The IFAS was founded with little fanfare and has remained a low-key sabha whose jubilee celebrations, including this year’s 75th anniversary, have been as modest. But at least at one celebration, the Golden Jubilee one, there was a Presidential address that provided a note of sound and fury. The Society’s Sangeeta Kala Sikhamani that year, S. Balachander, after starting his address quietly discussing the mastering of the veena, suddenly turned on the critics and said, among other things, “Critics… critics…critics! They come in different shapes and sizes. In different categories. Good critics, respectable critics, bad critics, indifferent critics, responsible critics, half-baked critics, ignored critics of yesteryear, pampered critics of the present, well-intentioned decent critics, crooked irresponsible critics, perverted critics, sadistic critics, venomous critics…the classification seems endless!”
It was Madras’s Telugu-speaking community that founded the IFAS as a counter to the Tanjore Tamil orientation of the Music Academy that was three years older. Intriguingly, the two organisations came together in 1938 to organise joint conferences till 1943. This was a result of the founding of the Tamil Isai Movement; the Music Academy and the IFAS found a common cause in Telugu.
The IFAS’s self-effacing nature extended to not having a hall of its own.
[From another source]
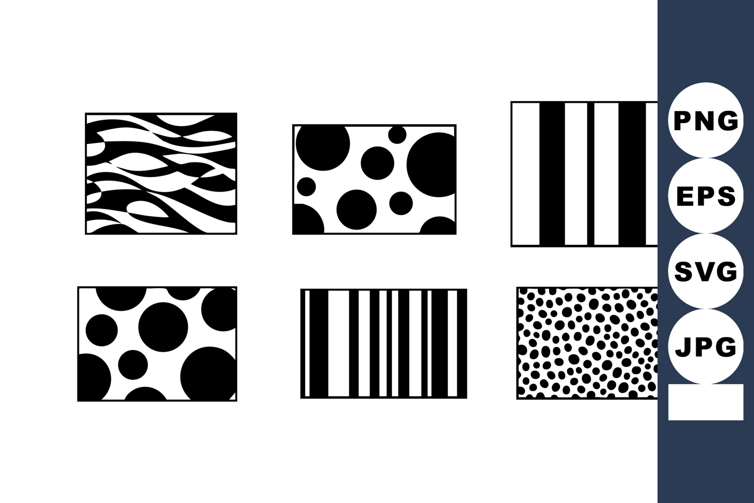 This vector file presents six black and white geometric patterns including stripes, dots, and spots in an abstract seamless design style perfect for creative projects and modern aesthetics. Minimalist and bold.
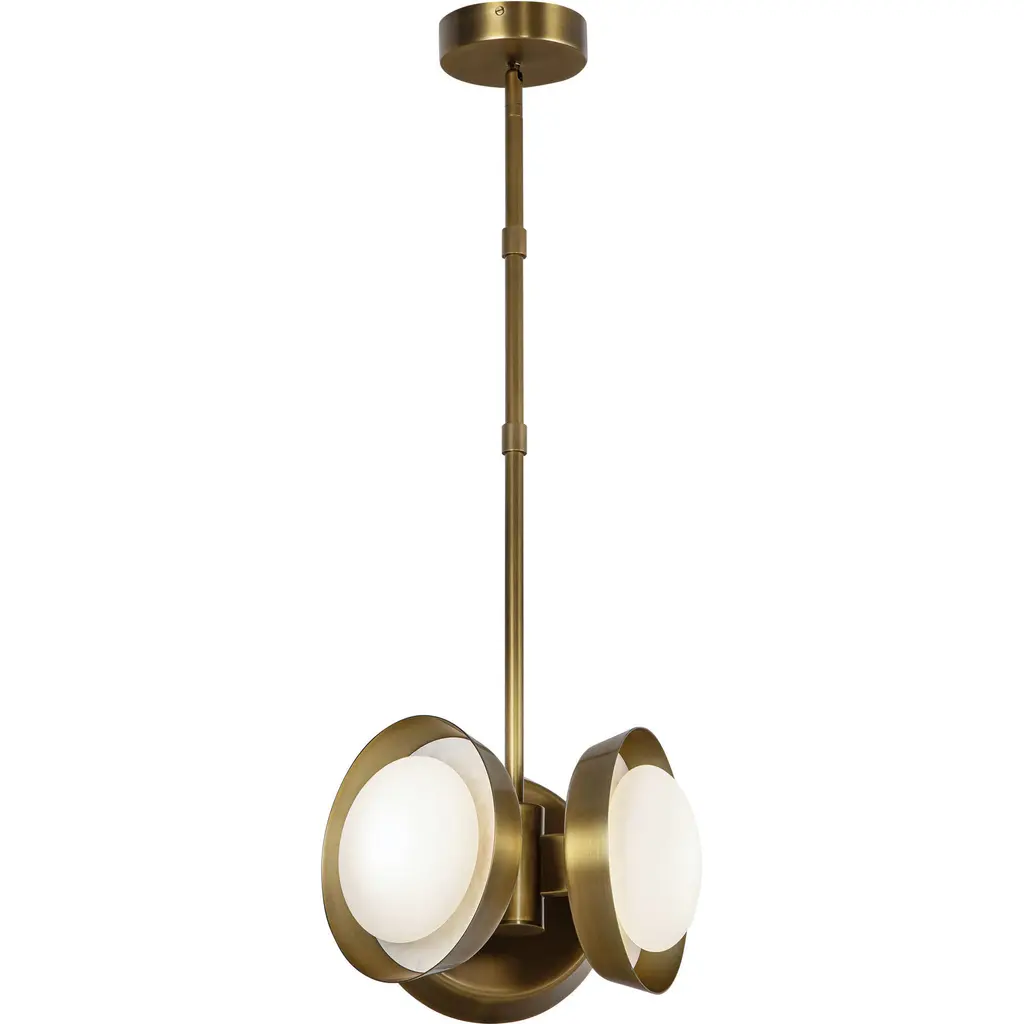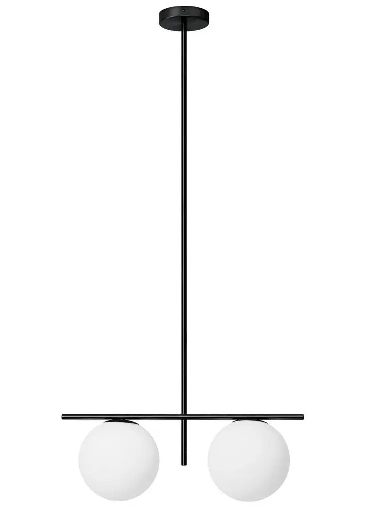 Jugen is a 2-light suspension lamp made of milky white blown glass with a black painted frame and brushed brass. The ceiling rose is in brushed brass, petrol or black.Technical information:- Light source: E27- Power: 2 x max 40w

The early venues for its conferences were Gokhale Hall and Soundara Mahal on Govinda Naicken Street. It used the latter whenever women from the devadasi community sang or danced, Annie Besant having decreed that Gokhale Hall was not open to performances by devadasis. That thinking was to vanish in later years, when the attitude towards those from the devadasi community mellowed.
When music and dance began to move out of George Town to Mylapore and Triplicane, the IFAS held its conferences – and theatre performances – at such venues as Woodlands Hotel, Royapettah, Senate House, the RR Sabha’s Sundareswarar Hall, Victoria Public Hall, Vani Mahal, Nadigar Sangam Hall and, in recent years, German Hall. A venue of its own is still a dream.
From 1958, Emberumanar Chetty of the Perumal Chetty family played a leading role in guiding the fortunes of the Society. It was a leadership that was to last over 45 years. And during many of those years, he dreamed that a hall of its own might just be a possibility for the Indian Fine Arts Society. But it did not come to pass. Now, his brother, V. Sethuraman, the present president, hopes he and his team will be able to make it happen.